The taskforce's main recommendation is to reduce Government operating spending to 29 per cent of gross domestic product by 2012/13.

This would return it to its levels of 2004 and 2005.

This financial year, the figure is $65.3 billion, or 37.3 per cent of GDP, according to the Budget. It includes spending on health, education, welfare and law and order.

The review proposes a new "flat" tax rate for wage and salary earners and businesses of between 20 and 25 per cent. The top personal rate is now 38c in the dollar and the company tax rate is 30c.

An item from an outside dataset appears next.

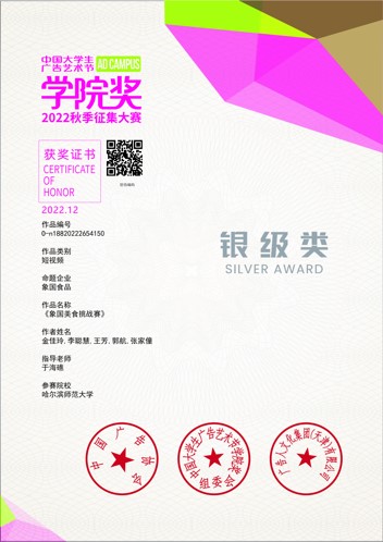 2022年12月22日,由中国广告协会举办的“中国国际广告节·中国大学生广告艺术节学院奖2022秋季征集大赛举行颁奖盛典",此次盛典在厦门国际会展中心隆重举行。拼搏在线登录传媒学院于海礁老师指导的两部作品《一“鹭”送上美好生活》和《象国美食挑战赛》获得金奖和银奖。

It also suggests the NZ Superannuation Fund or Cullen Fund could be liquidated so the Government can pay back the multi-billion borrowing it has made since the global financial crisis and put New Zealand back into the black sooner than now projected.

The taskforce also believes such a step would remove the temptation for politicians to use the fund for political purposes.

Another recommendation is likely to be to introduce congestion charges in cities - beginning with central Auckland - to help pay for costly road building.

Under this scheme, drivers would pay a fee to use roads within a designated area.

The taskforce is suggesting the National Government cut its core spending to the level it was at before the Labour Government introduced big spending policies like the expansion of Working for Families, and making student loans interest-free before the 2005 election.

But Prime Minister John Key told One News last night that the Government was not going to "pull the rug out from underneath New Zealanders and go for the big bang approaches suggested in the report".

"It's not to say we can't pick our way through the report and find something that might add to New Zealand's economic performance, but where we specifically campaigned on something I'm not going to break my word."

On Friday, Finance Minister Bill English said baseline budget spending had increased by 45 per cent since 2005 and the economy had grown by 15 per cent.

"This kind of rampant spending growth is unsustainable and cannot continue," he said.

Dr Brash told the Herald last night the Ministers of Finance and Economic Development had asked the taskforce to "give its best professional judgment and leave political considerations to one side".

"That's what we have done."

He told the Deloitte/Management Top 200 awards last week that there was no way the gap with Australia would be closed if New Zealand continued the way it was going.

"That is absolutely clear and a very great deal hangs on us not following that track."

It is understood the taskforce believes its recommendations will boost investment, create new dynamism in the economy and excite New Zealanders about their future.

The taskforce's political sponsors, Mr English and Act leader Rodney Hide, hand-picked its members - Mr Brash, former Labour finance minister David Caygill, Icebreaker Traffic tax in catch-up plan

chief executive Jeremy Moon, Australian Productivity Commission member Judith Sloan, and Capital Economics director Bryce Wilkinson.

The taskforce is also understood to have recommended against introducing a capital gains tax on property - one of the issues examined by the Taxation Working Group.

But it is expected to recommend the Government takes a much tougher approach to capital investment so it does not waste taxpayers' money on loss-making assets.

And it will encourage the sale of state-owned enterprises operating in competitive markets - such as TVNZ and power generators Mighty River Power, Genesis Energy and Meridian Energy. It is also expected to favour the commercialisation of the Crown's mineral assets.


Main recommendations will include:

* Introducing congestion charges in cities, beginning with central Auckland.
* Wiping interest-free student loans and instead offering them at market rates.
* Subjecting the current 20 hours' free childcare allowance to means testing.
* Keeping National Superannuation as a universal scheme, but gradually increasing the age of eligibility.